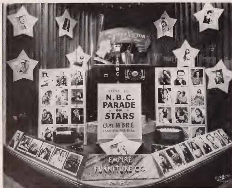
WBRE (Wilkes-Barre, Pa.) set up this photo display of NBC stars as one of the highlights in its NBC Parade of Stars tie-ins. The window proved to be a top-notch attraction.
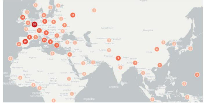
Figure 2 Geolocations mentioned in coronavirus media reports showing clusters of media reports on Italy, France, Spain, Germany, the UK, Russia, India and China
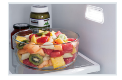
Bright LED Lighting Find food faster with bright LED lighting.

Our SpaceWise® Organization System offers 100 ways to organize with the Custom-Flex™ Door and the Store-More™ Slide-Under, Flip-Up Shelf.¹
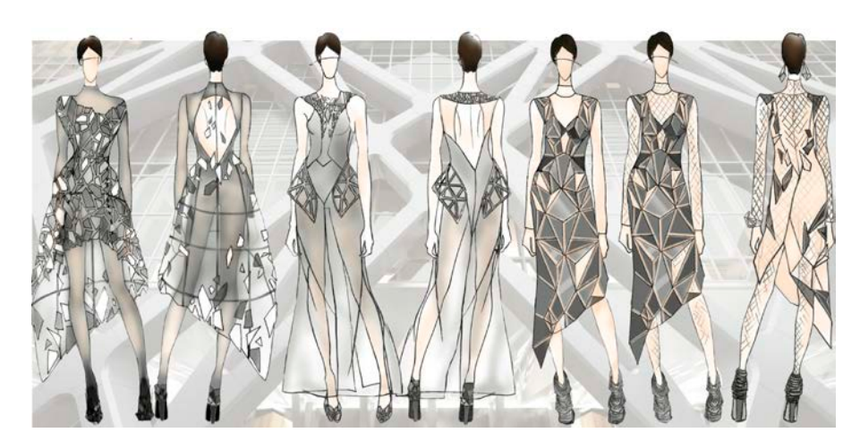
6. Design Sketches of Employee uniforms

* _TASK BRIEF_
If pictures are present, they are dropped, and the entries above are written out word for word.

* _ANSWER FOR THIS EXERCISE_
WBRE (Wilkes-Barre, Pa.) set up this photo display of NBC stars as one of the highlights in its NBC Parade of Stars tie-ins. The window proved to be a top-notch attraction.
Figure 2 Geolocations mentioned in coronavirus media reports showing clusters of media reports on Italy, France, Spain, Germany, the UK, Russia, India and China
Bright LED Lighting Find food faster with bright LED lighting.

Our SpaceWise® Organization System offers 100 ways to organize with the Custom-Flex™ Door and the Store-More™ Slide-Under, Flip-Up Shelf.¹
6. Design Sketches of Employee uniforms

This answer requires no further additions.